The next day they met at the three-hundred-yard range, but without explanation the colonel was absent. Without his intense presence, his people seemed a little more relaxed. The man Hatcher seemed to be in charge, though only barely. He was a wiry fifty-year-old redhead, with spaces between his teeth, a pocketful of pens nested in some kind of plastic envelope in his breast pocket, and the distracted air of a man who knows too much about one thing and not enough about a lot of things. He herded Bob into a black Jeep Cherokee and with two others, including the stolid Payne, they drove over a network of back roads, around the hilltop, to another area.

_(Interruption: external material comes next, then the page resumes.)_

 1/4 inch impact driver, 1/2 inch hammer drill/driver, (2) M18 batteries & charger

What he saw shocked Bob some—a large, clear
field on the down slope of a hill, at one end of which stood a jerry-built scaffolding, pipes bolted together, the whole mad structure held stable by guy wires sunk into the ground at a variety of points around its perimeter. It looked like a circus tent without the canvas, or the skeleton of a building without the cement.

Bob saw a series of ladders to its upper reaches, and up there he saw a platform where a shooting bench and a chair had been installed.

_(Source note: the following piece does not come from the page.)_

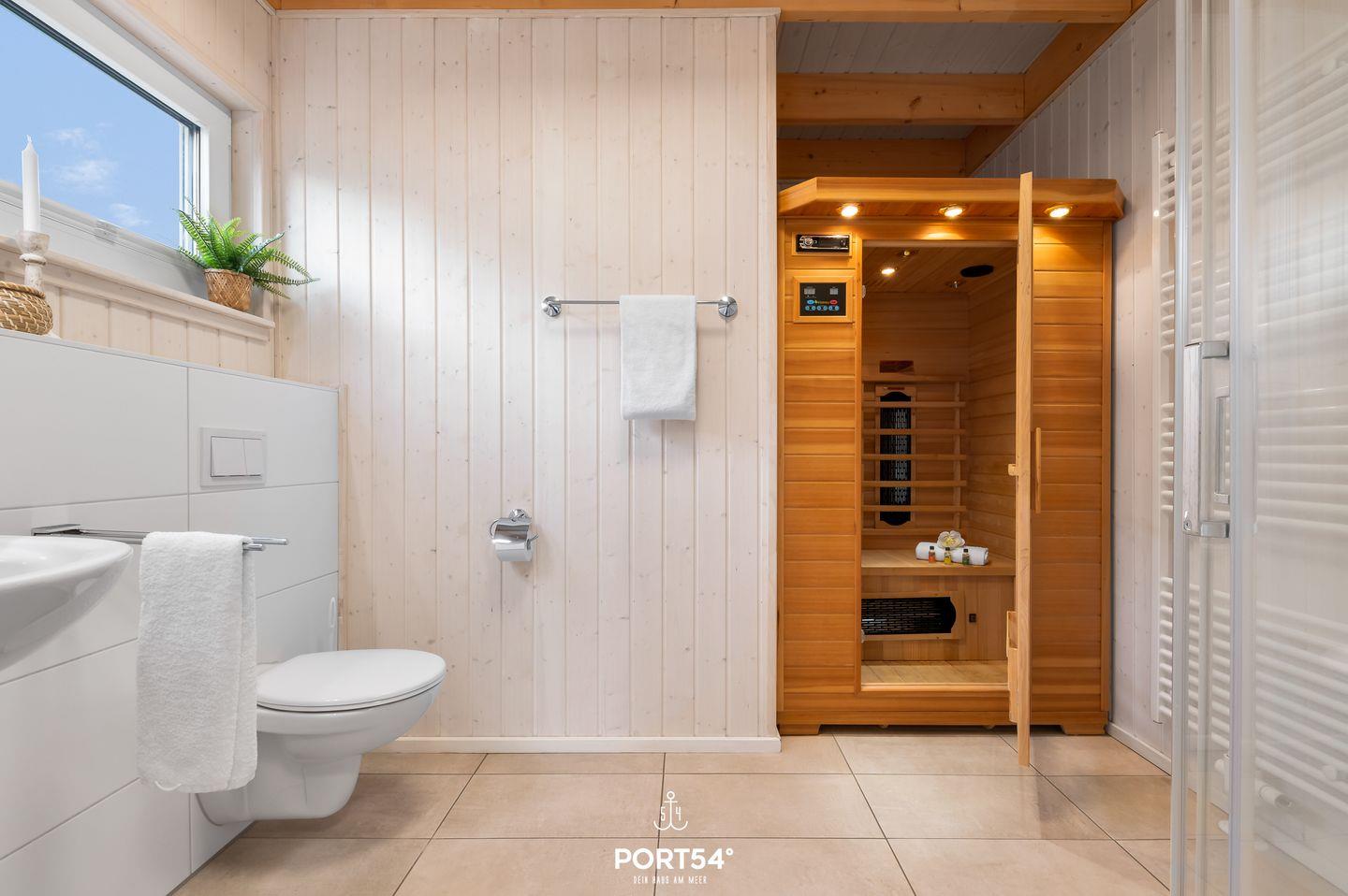 Die Küche bietet alles, um Dich und Deine Familie kulinarisch zu verwöhnen. Ein Bad rundet das Erdgeschoss ab. Das Badezimmer verfügt über ein Fenster mit Sichtschutz, eine Dusche, eine Handtuchheizung und als besonderes Highlight eine Infrarotkabine. Hier kannst Du Dich nach langen Strandspaziergängen aufwärmen und entspannen.

“It’s a building in Tulsa, Oklahoma,” said Hatcher. “Or, rather, the height and the distances equal exactly the height and distances of a building in Tulsa, Oklahoma. See the car?”

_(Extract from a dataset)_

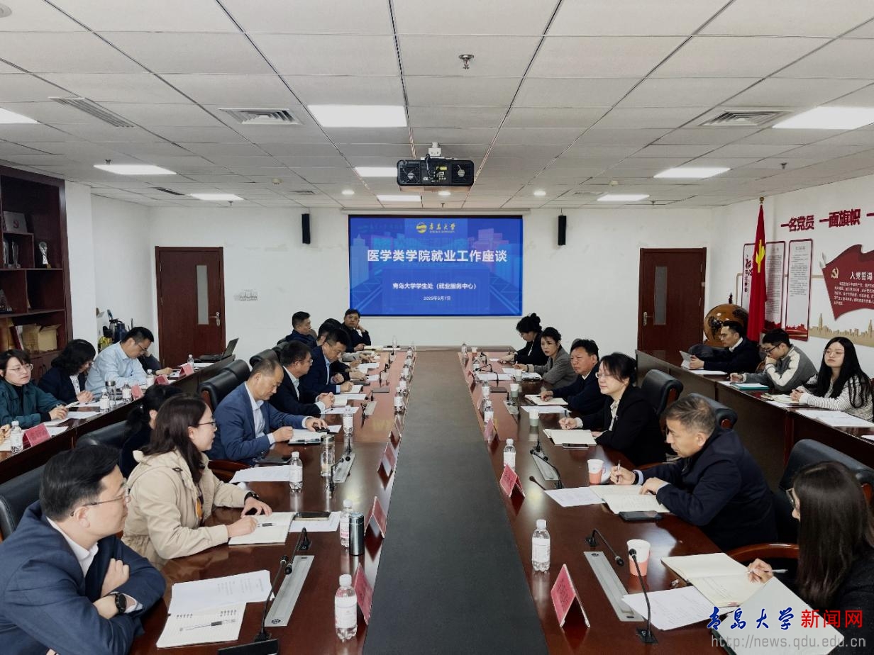 會上,學生工作處對醫學醫藥類學院近三年畢業生就業工作情況及特點進行分析,并通報了2025屆畢業生就業工作進展情況。青島醫學院等6個教學單位及臨床醫學院負責人作交流發言,重點匯報了學院2025屆畢業生就業工作的進展情況,并圍繞精準就業指導服務等維度提出了具體舉措。

At one end of a dirt road that ran before the whole ridiculous structure there was an old limousine chassis, its engine long since gone, its body rusty, but its passenger compartment reasonably intact; it was attached by chain and winch to what must have been an engine a half mile away.

“Now what the hell is this?”

“It’s our SWAT scenario,” said Hatcher. “We’ve gamed out a situation where we’re going to ask you to fire on a moving target in a hostage situation. You’ll be operating off cues—you’ll be earphoned into a network and you’ll get an okay to fire at a bank robber who’s fleeing the scene surrounded by hostages. You’ll have an envelope of about five seconds to go for a head shot. It’s based on an event that took place in Tulsa in 1986, where an FBI sniper had to take the same shot.”

“What happened?”

“Ah, he hit a woman hostage in the spine, paralyzing her. The bad guy shot two other hostages to death and then killed himself. It was a horrible thing, just a horrible thing. Man, that agent trained for that shot his whole life, and when it came, he blew it. A shame.”

“They were in a limo?”

“No. It was the back of a pickup. We got a deal on the limo.”

The Cherokee parked, and various people stopped scuffling about and came over to greet the team. Hatcher checked with technicians, radios were issued and handed out and they took Bob to a blackboard under a lean-to.

“You know, Mr. Swagger, in the past fifteen years, by our computations, law enforcement authorities, federal and local, have taken over eight hundred fifty precision shots. That is, through scopes at armed felons at ranges from between thirty-five and three hundred fifty yards. Do you know what the one-shot stop ratio is?”

“I’d bet it’s low.”

“Thirty-one percent one-shot drops. Hell, just last year in Sacramento, California, a police sniper took a clear shot at an unmoving gunman through the door of an electronics store and missed him completely. The guy shot three hostages to death before they settled his hash. Do you know why?”